I had to laugh, as I have been an avid weightlifter for nearly 30 years. I started lifting weights in college. Not being a super athletic kid, I had never actually even been in a weight room during my formative high school years. But once I was introduced to pumping iron, I was hooked. From that fateful day my college roommate Chris took me to my campus weight room, I’ve been a gym rat ever since. 

There was a feeling of control that I loved in fitness and the simplicity of the notion that effort + intensity = results. While I couldn’t control my God given attributes like being smart, handsome, or athletic, I could control the sets and reps in the gym. It’s a lifelong habit that I have always been proud of. While the virtues of a consistent fitness regimen are widely touted and too many to list, a passionate dedication to exercise has also led me to my professional vocation in fitness.

Indeed, weightlifting has been a big part of my life, but recently I have come to realize that my exercise wasn’t the only ‘weightlifting’ habit I picked up in college. Metaphorically speaking, the hindrance of carrying around emotionally heavy weights was also an obsession I picked up as a young man. My personal and professional aspirations also came with underlying currents of seeking validation and approval from others.

One of life’s heaviest burdens is the desire for popularity, whether it’s the approval of Mom and Dad, fitting in with peers, or climbing the corporate ladder. For me, I was the perfect storm for an approval-seeking fixation - an actor striving for applause, a writer hoping for ‘likes,’ and the common individual seeking acceptance from his friends and family. Add in the fact that I am a known pack rat (I sill have baseball cards from my childhood, countless collectibles, and even hundreds of CD’s I’ve acquired over the years) and I’ve always been a prime candidate for lugging heavy loads around. It’s no wonder I took to weightlifting with such vigor and enthusiasm!

Too much ‘weight training’ over the years has taken a toll on me both physically and emotionally. My back hurts chronically from too many squats and deadlifts and my stomach hurts frequently from too much anxiety. In confronting the false notion of physical control, I’ve also noticed the ball and chain of the emotional weight that I’ve been schlepping around from place to place. This awareness has allowed me to practice releasing the burden of resistance and instead develop flexibility, adaptability, and acceptance.

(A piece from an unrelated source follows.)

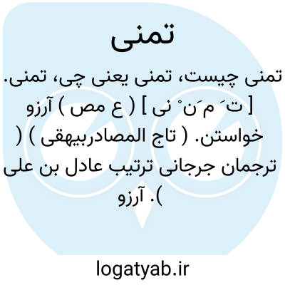 تمنی. [ ت َ م َن ْ نی ] ( ع مص ) آرزو خواستن. ( تاج المصادربیهقی ) ( ترجمان جرجانی ترتیب عادل بن علی ). آرزو کردن. ( مجمل اللغة ) ( غیاث اللغات ). حصول چیزی را طلب کردن. ( از اقرب الموارد ). آرزو بردن. ( دهار ) ( منتهی الارب ) ( آنندراج ) ( ناظم الاطباء ). تمنا و استدعا و درخواست و التماس. ( ناظم الاطباء ). طلب حصول چیزی بدون توجه به ممکن یا ممتنع بودن آن. ( از تعریفات جرجانی ). رجوع به کشاف اصطلاحات الفنون و مطول شود:

The strain of lugging around the heavy load of earth weights is something all of us deal with and with the constant bombardment of technology and social media; the desire for validation seems particularly acute these days. The constant striving for approval must be confronted or the inevitable hardships disappointments and traumas get heavier and harder to move around. If not dealt with and tossed aside along the way, at some our earth weights point become simply unbearable.

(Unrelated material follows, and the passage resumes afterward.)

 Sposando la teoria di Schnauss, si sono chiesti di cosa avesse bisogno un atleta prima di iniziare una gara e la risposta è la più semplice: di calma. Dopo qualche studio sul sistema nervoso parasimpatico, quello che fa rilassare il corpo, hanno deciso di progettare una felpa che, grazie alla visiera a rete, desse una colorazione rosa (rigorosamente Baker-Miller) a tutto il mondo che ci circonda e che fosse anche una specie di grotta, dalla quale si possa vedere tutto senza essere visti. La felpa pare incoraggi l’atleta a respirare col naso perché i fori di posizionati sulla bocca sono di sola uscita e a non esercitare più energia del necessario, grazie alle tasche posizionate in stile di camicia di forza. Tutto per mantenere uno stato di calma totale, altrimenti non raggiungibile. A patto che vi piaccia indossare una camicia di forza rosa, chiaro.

In the Bible we are instructed to “love our neighbors as we love ourselves.” While many follow the command to rightfully treat others with empathy, dignity and respect, sometimes lost in the shuffle is how we treat ourselves. As our society falls deeper into the abyss of narcissism, addiction, and distraction, one common theme emerges – a lack of self-love.

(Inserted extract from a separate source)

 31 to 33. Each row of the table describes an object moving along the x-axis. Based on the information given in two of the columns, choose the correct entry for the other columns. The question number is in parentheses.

Peeling back the layers of the primal urge to feel necessary and loved brings one full-circle to the true foundation of self-love. Loving your neighbor, establishing purpose, and finding happiness doesn’t start with establishing what we like or who we love; it starts with loving ourselves. To truly love with authenticity, we need to free ourselves of excess baggage and heal our open wounds. To do so can only be achieved when we finally drop those earth weights and step into selfless love.

 

 

 

 

 

 

Question Authority

"Courage is what it takes to stand up and speak; courage is also what it takes to sit down and listen."   Winston Churchill

Back in the day when John Cougar Mellencamp fought the authority, the authority always won. And so it seems for many of us – authority appears to hold infinite power. Our mega companies and bosses, our churches, pastors and priests, and certainly the literal authorities seemingly hold all of the cards. Even in the construct of our communities and families, there is a powerful underlying influence of conformity that keeps many of us in check.

America hates a loser and the cultural norm is to hold contempt for failure. Because of such immense societal pressure, many would rather sit down and stay quiet than face the prospect of a lost battle. After all, when you pick a fight, you don’t fight to lose. And if Mellencamp was right - the authority always wins - then what’s the point of fighting ‘the man’ in the first place? With such logic, many of us choose to avoid conflict and stay on the sidelines of apathy, comfort, and complacency.

The predominance of passivity and apathy may seem like trends that are here to stay, but it hasn’t always been that way. America was founded on the ideals of resistance to authority and standing up for the rights of the oppressed and marginalized. That said, the great irony of the American ideal (success at all costs) is that it also carries with it a dark underbelly of oppression, abuse, and violence. ‘Me first’ can also mean ‘you last.’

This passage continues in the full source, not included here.